May 1, 2025 4 Minute Read

By Jen Siebrits Kirsten Dyer Olive Dennis

House front door

Part 1: Understanding the Single Family Housing investment opportunity

Welcome to part one of our three-article series where we explore how Single Family Housing can help the housing crisis.

With the UK Living sector amongst the top choices for European investors for 2025, interest in Single Family Housing (SFH) is poised for expansion in 2025. To understand what is motivating and hindering investors and operators of UK SFH, we spoke with key players in the market to understand how their investment strategies are enabling the Government’s plans to build 1.5m homes by 2029. This series will explore recurring themes from our discussions.

The Opportunity

Early investors into UK SFH identified the size of the opportunity, with the 2021 census showing that 77.9% of dwellings in the UK are houses or bungalows – housing 19.3m people – and 18.8% of households privately rent as of 2023-24. The population of renters in the UK is forecast to increase by 18% between 2023 and 2028. However, there has been a net reduction of nearly 600,000 buy-to-let mortgages since 2016 (equating to around 10% of the private rented market), with landlords choosing to exit due shifting EPC, taxation, and Stamp Duty regulations, as well as increasing interest rates (UK Finance). Additionally, new housing supply is slowing due to rising construction costs and slowing sales, highlighting the competing pressures facing the UK housing market.

For institutional investors, SFH meets not only social and critical infrastructure investment criteria, but is inflation-linked, enabling a long-term investment stance, with a resiliency due to high occupancy levels generating regular income. Housebuilders, who historically sold directly to private individuals, were severely impacted by the increase in interest rates throughout 2023, as well as the end of Help to Buy. This acted as a catalyst for housebuilders’ eagerness to transact directly with institutional investors to supplement their contracting sales volumes.

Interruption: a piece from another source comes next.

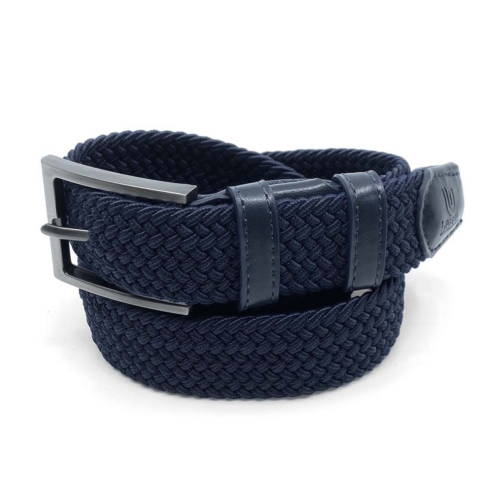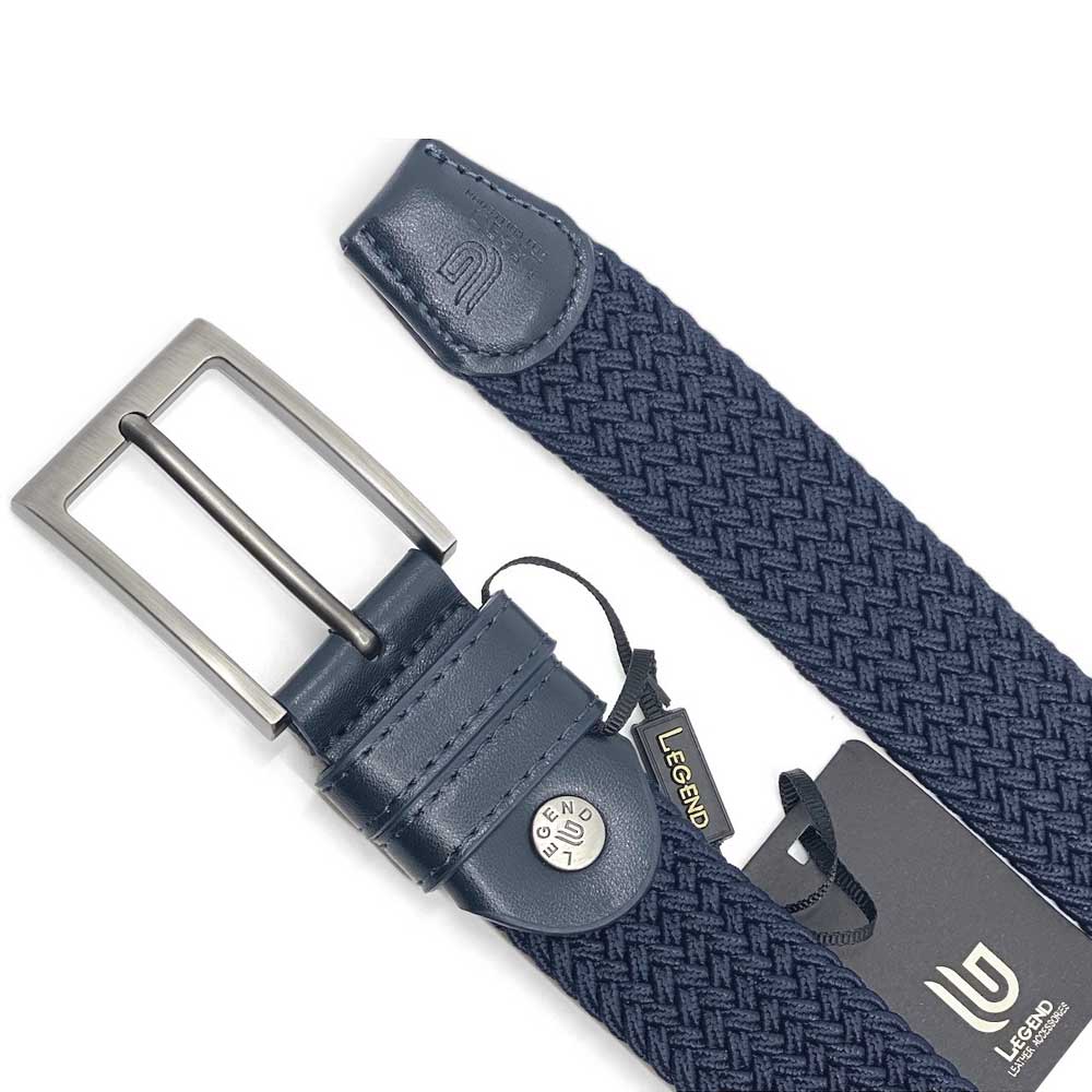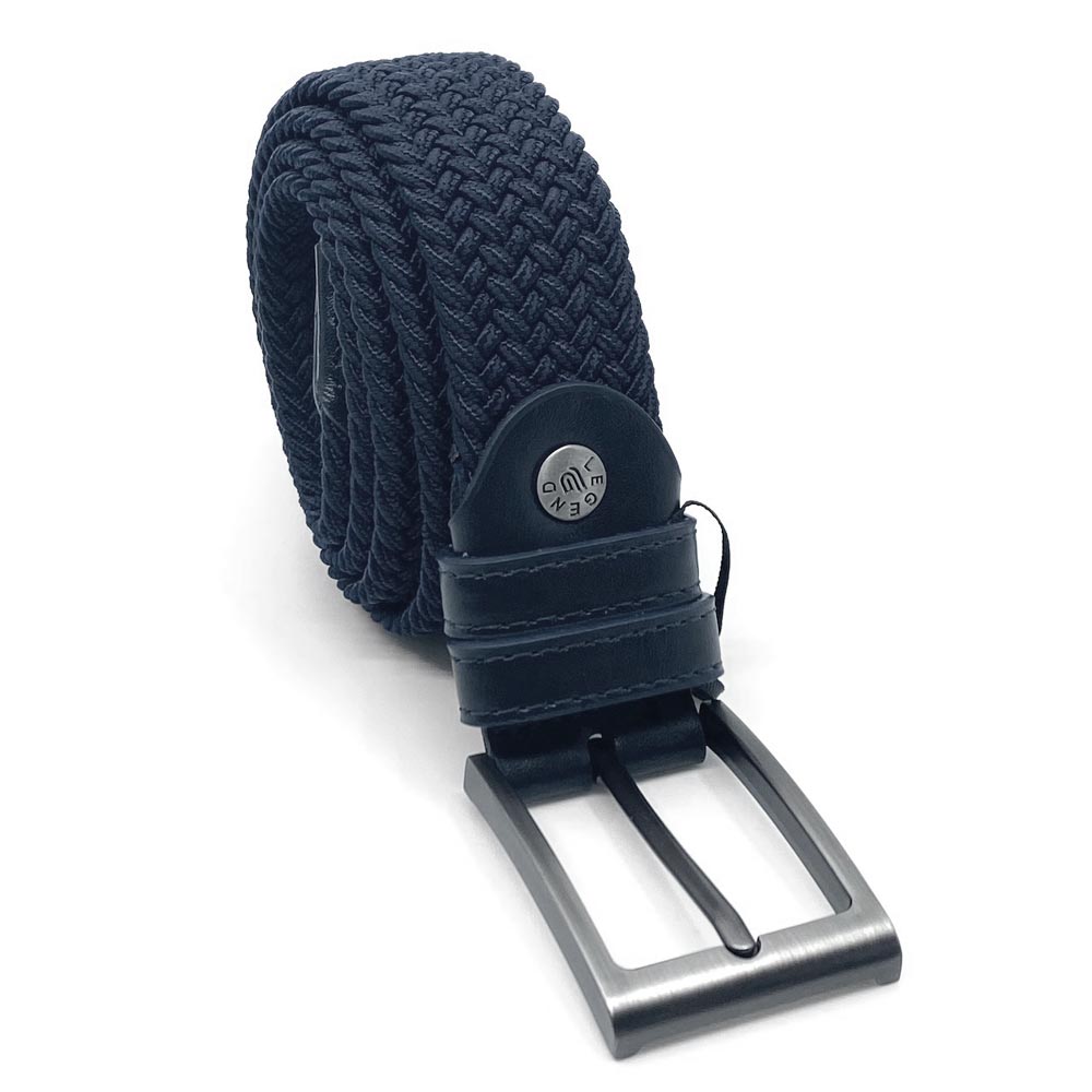 Ανδρική ελαστική πλεκτή ζώνη σε μπλε χρώμα με δερμάτινες λεπτομέρειες και μεταλλική αγκράφα από τη Legend.

Investors have ‘seized the opportunity to provide housing that meets the depth of consumer demand at a price point that is affordable, aligning with risk and return requirements.’
Jonathon IvoryPackaged Living

The Challenges

For both renters across the UK and SFH investors, the largest barrier is low supply of modern housing in areas of high demand, the delivery of which is estimated to continue being muted and below target in 2025. Investors are restrained in their ability to scale their portfolios at pace by housebuilders’ lengthy delivery timelines.

Housebuilders may decide to pivot back to individual sales in order boost margins, should interest rates continue to fall, however this allocation of new supply needs to be finely balanced to continue to provide incentive to institutional investors.

SFH investors, unlike BTR investors, feel protected by the ‘fail-safe’ exit strategy of granular sales, strengthened by their portfolio deal structures often including a discount for bulk acquisition. However, if this discount diminishes, the institutional investment case will weaken.

Conclusion

Undoubtedly, the development of institutionally-owned SFH will aid the supply and demand issues that have riddled the rental market. However, the proposed relaxation of mortgage regulations may boost home ownership amongst owner-occupiers or buy-to-let landlords, as discussed in our recent article, which could result in housebuilders changing their tone regarding forward-funding deals with investors to deliver new homes. This is a key concern amongst the investors we spoke to, and a key consideration for their ability to continue to deliver high-quality, professionally operated rental housing.

The growing population of renters in the UK will need housing options to match, which institutional investors are increasingly eager to provide (also discussed in our series on Co-Living investment). Housebuilders and the Government should continue to welcome (or continue to allocate supply towards) wholesale deals with institutional investors to provide SFH, as this investor base is able to take the front-end financial risk to increase the supply of rental housing in the UK, forming a key portion of the ambitious 1.5m homes that are tapped for delivery before the next election.